Task requirements -> All pictures should be dropped, and only the lines from the top of the entries below through the line containing "焼き肉にはそれぞれ相性のよい" repeated exactly, both ends included.

Records from a collection ->
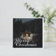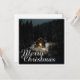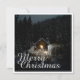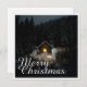 Kortet visar en atmosfärisk vinscen med en liten, belyst trähut mitten i en skog täckt av snö. Den varma ljuskällan skapar en vacker kontrast till mörken, den fredliga omgivningen. Eleganten "God jul" som skriver i vit ge är motivet för en festlig rörelse. 🎄 ✨
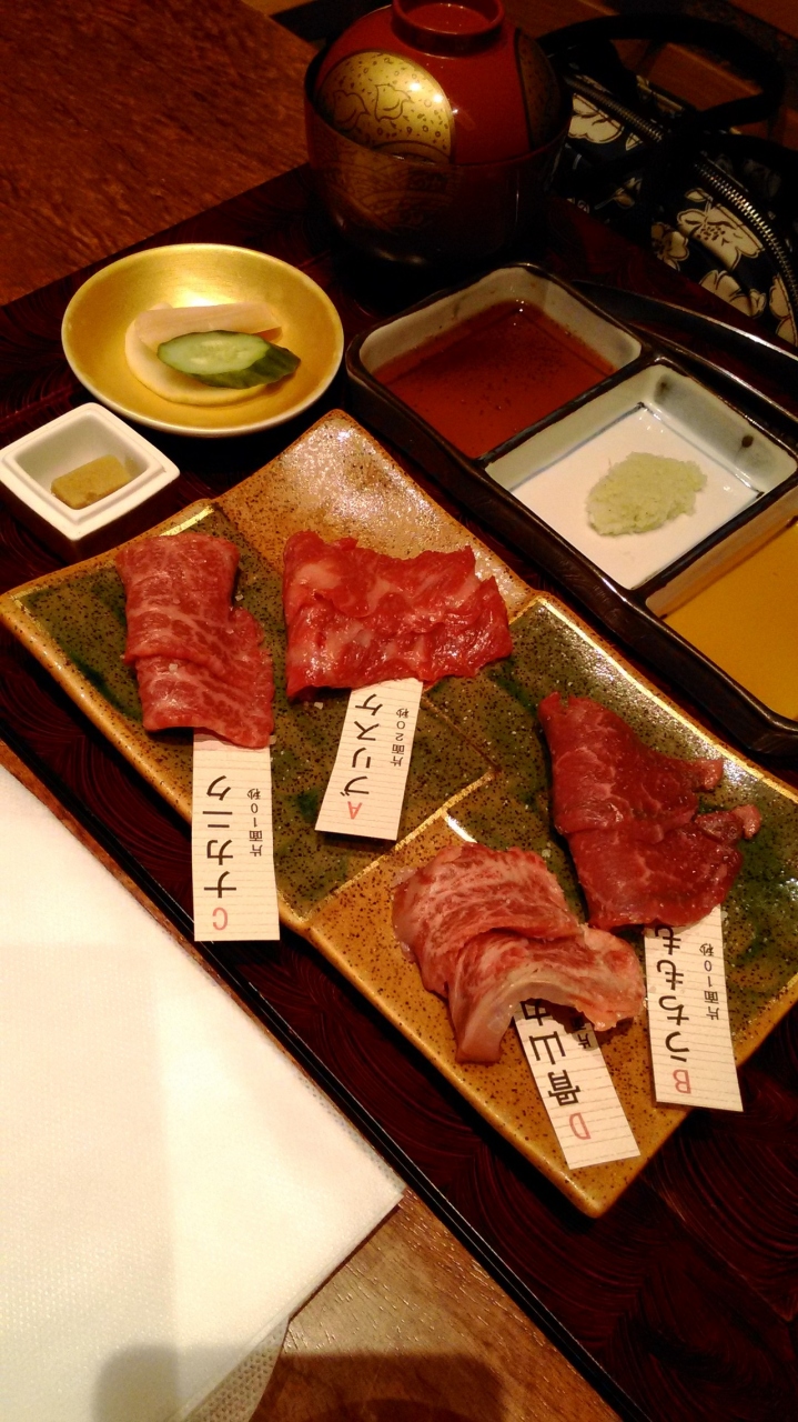 焼き肉にはそれぞれ相性のよいツケダレが添えられて、味を色々楽しめます。おしゃべりに夢中になって焼き過ぎないように気をつけて。デザートもついて、ランチはお手頃です。- 旅行時期
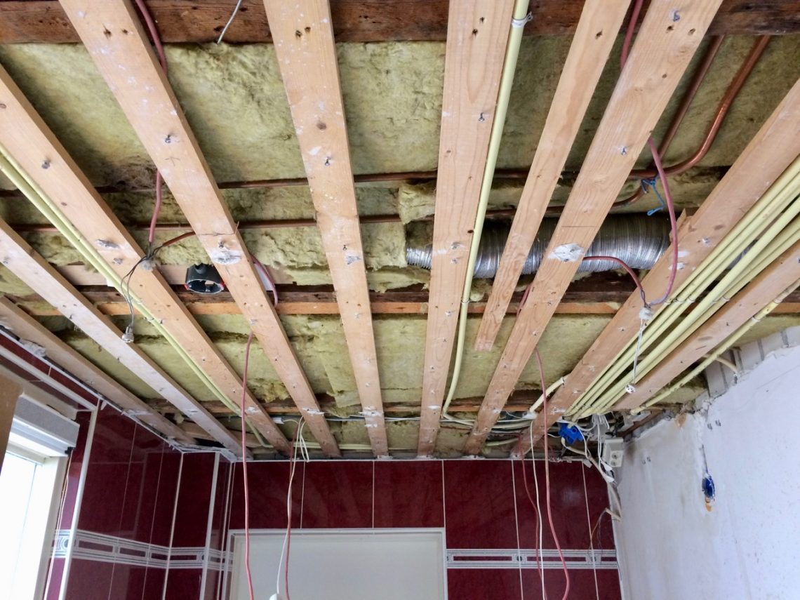 Het viel al met al best nog wel mee met de demontage van het plafond. In de rest van het huis is overal keurig dubbel gipsplaat aan de plafonds bevestigd. Daar is de brandweer erg blij mee, het betekent een brandwerendheid van 60 minuten, ruim binnen elke norm. In de bijkeuken is er slechts een enkele laag gipsplaat gebruikt. Dat mocht denk ik indertijd, omdat er recht boven het plafond een betonnen vloer geplaatst is, en een knappe brand die zo’n vloer in de fik krijgt. De kans dat het vuur naar de volgende verdieping doorslaat is door dat beton niet zo groot. Een enkele laag gipsplafond laat zich een stuk makkelijker verwijderen dan een dubbele laag. Even de koevoet tussen gips en rachels (de houten plankjes die onder de balken geschroefd zitten), een beetje wrikken, zodra er ruimte komt met je hele gewicht aan het plafond gaan hangen, en het gips breekt in handige stukken af.
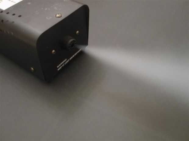 No necesitas una máquina de niebla caro captar un rayo láser con un corto de la exposición. Utilicé la máquina de la niebla vino de tienda de comestibles de todos los lugares... en la isla de Halloween! La niebla va a crear partículas microscópicas que causan el rayo láser a la dispersión en todas las direcciones, algunas de las cuales encuentran su camino en la cámara. Con niebla puede mantener la Exposición corta ideal para captura de video pero usted querrá apaga las luces para tirar el rayo fuera del ambiente fondo claro.
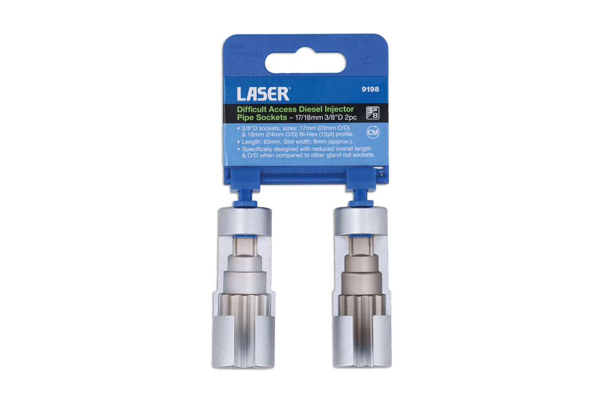 9198 Difficult Access Diesel Injector Pipe Sockets 17/18mm 3/8"D 2pc

Result of this exercise ->
 Kortet visar en atmosfärisk vinscen med en liten, belyst trähut mitten i en skog täckt av snö. Den varma ljuskällan skapar en vacker kontrast till mörken, den fredliga omgivningen. Eleganten "God jul" som skriver i vit ge är motivet för en festlig rörelse. 🎄 ✨
 焼き肉にはそれぞれ相性のよいツケダレが添えられて、味を色々楽しめます。おしゃべりに夢中になって焼き過ぎないように気をつけて。デザートもついて、ランチはお手頃です。- 旅行時期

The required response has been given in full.